Dann entdeckten auch die deutschen Chefetagen die soft skills, die Führungsqualitäten, die Frauen zeit ihres Lebens eingeübt haben: soziale Kompetenz, Intuition, Mitarbeiterorientierung, ganzheitliches Denken und Handeln, Kommunikationsvermögen und was nicht alles. Hatten den Frauen bislang diese „typisch weiblichen Eigenschaften“ eher im Wege gestanden, schienen sie sich jetzt zum Türcode zu verwandeln. Einen Haken hatte die Sache allerdings. Einer der Kernpunkte der hochgelobten lean production ist nämlich, die Zahl der Jobs auf den mittleren Führungsebenen einzudampfen – genau die Positionen also, in die es Frauen gerade noch gelingt vorzudringen.

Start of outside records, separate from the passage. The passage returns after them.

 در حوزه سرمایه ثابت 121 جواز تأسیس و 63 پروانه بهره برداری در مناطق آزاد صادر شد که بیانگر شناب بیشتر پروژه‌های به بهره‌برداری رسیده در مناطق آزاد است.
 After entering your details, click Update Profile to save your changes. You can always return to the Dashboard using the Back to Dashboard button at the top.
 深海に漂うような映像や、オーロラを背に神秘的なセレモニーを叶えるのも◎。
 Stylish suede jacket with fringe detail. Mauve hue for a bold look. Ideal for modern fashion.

Bevor die Männer sich jedoch in teuren Managementkursen die neuen Führungsqualitäten hätten aneignen können, zerplatzte mit der Vereinigung der Frauentraum. Frauen liefen fortan unter dem Etikett „Verliererinnen der Einheit“. Zweifellos – in vielen Branchen, auf zahlreichen Ebenen. Allzuschnell aber entwickelt eine solche Floskel ein Eigenleben. Erscheint als gegeben, unabänderlich, fast als natürlich. Im Sparkassenbereich ist es so gelaufen und nicht nur dort: in der DDR eine Frauendomäne, selbst auf den mittleren Leitungsebenen. Kaum waren wieder bessere Jobs zu besetzen, da kamen sie, die (West-)Männer. War da nicht gesagt worden, der Dienstleistungsbereich – völlig neu aufzubauen – biete Riesenchancen für Frauen? Wunschdenken.

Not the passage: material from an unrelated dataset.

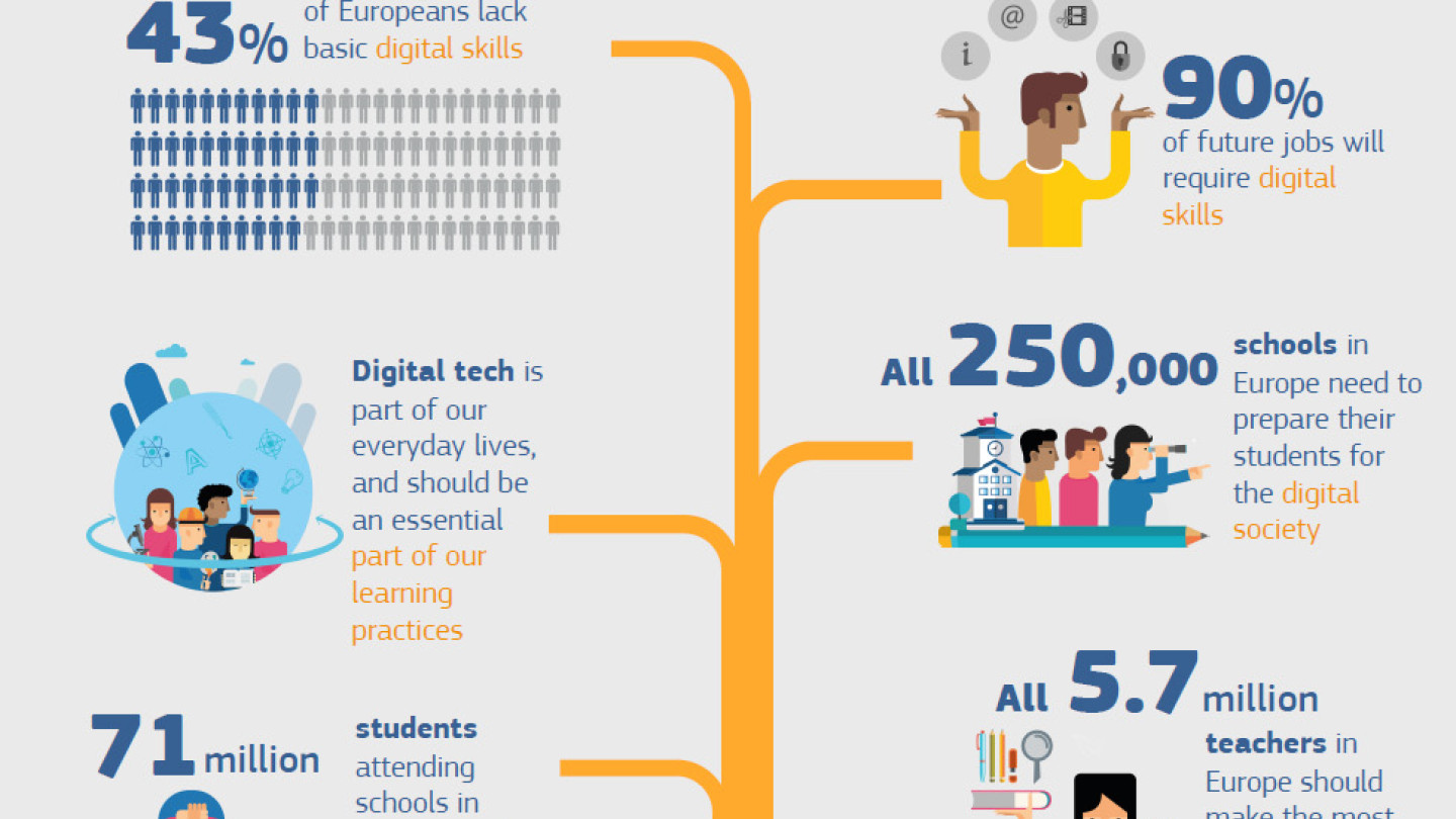 EU:ssa 76,7 miljoonalle opiskelijalle ja opettajalle 250 000 koulussa tarjotaan mahdollisuus ottaa käyttöön SELFIE- itsearviointityökalu (Self-reflection on Effective Learning by Fostering the use of Innovative Educational Technologies).

Aus einer ganz anderen Richtung hat sich für Frauen unvermutet eine Chance eröffnet, sich von Grund auf einzumischen. Rezession und schlechte Absatzlage haben schon vertan geglaubte Möglichkeiten der Achtziger zurückgebracht. Nachzudenken nämlich über eine andere, gerechtere Verteilung der Arbeit, die in unserer Gesellschaft anfällt. Allzu rasch ging es dabei nur noch um kürzere Wochenarbeitszeiten, mehr Freizeit für Männer. Die tägliche bezahlte Arbeit zu verkürzen, sie flexibler zu gestalten, zu einer gerechteren Verteilung von Haus- und Familienarbeit zu gelangen, davon redete mann vorsorglich nicht.

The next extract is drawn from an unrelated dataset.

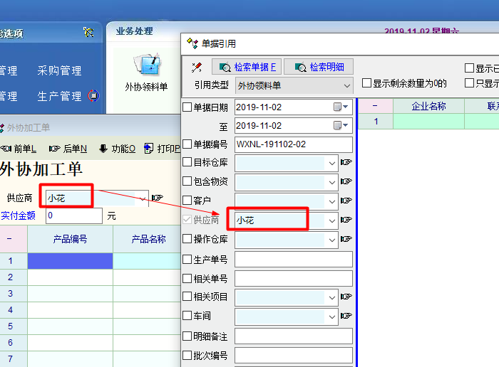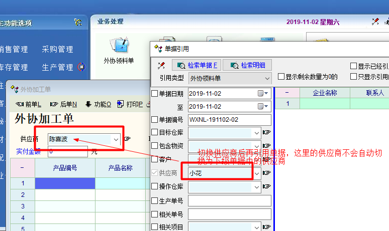 如图,业务流程中引用是限定供应商的,第一次引用时会限定供应商,但新增外协加工单并更换供应商后,再引用相关单据时,“单据引用“中的供应商还是限定为上一单的供应商,并不会自动切换为当前的外协加工单的供应商。

Abzuwarten, bis eine neue Modewelle als Angebot kommt – das hieße für Frauen wieder, weitere zwanzig Jahre auf dem Stand der Siebziger zu verharren. Die Metaller, die Stahlkocher, die Kumpel – sie alle wissen genau, zu welchem Ereignis, gegen welchen Beschluß sie auf die Straße ziehen müssen. Ebensolche handfesten Anlässe für Frauen gibt es mehr als genug. Dann müßten sie zu hören sein, zu sehen, nicht mehr zu übergehen. Bislang können die Männer eines wirklich besser: sich nachhaltig in Szene setzen.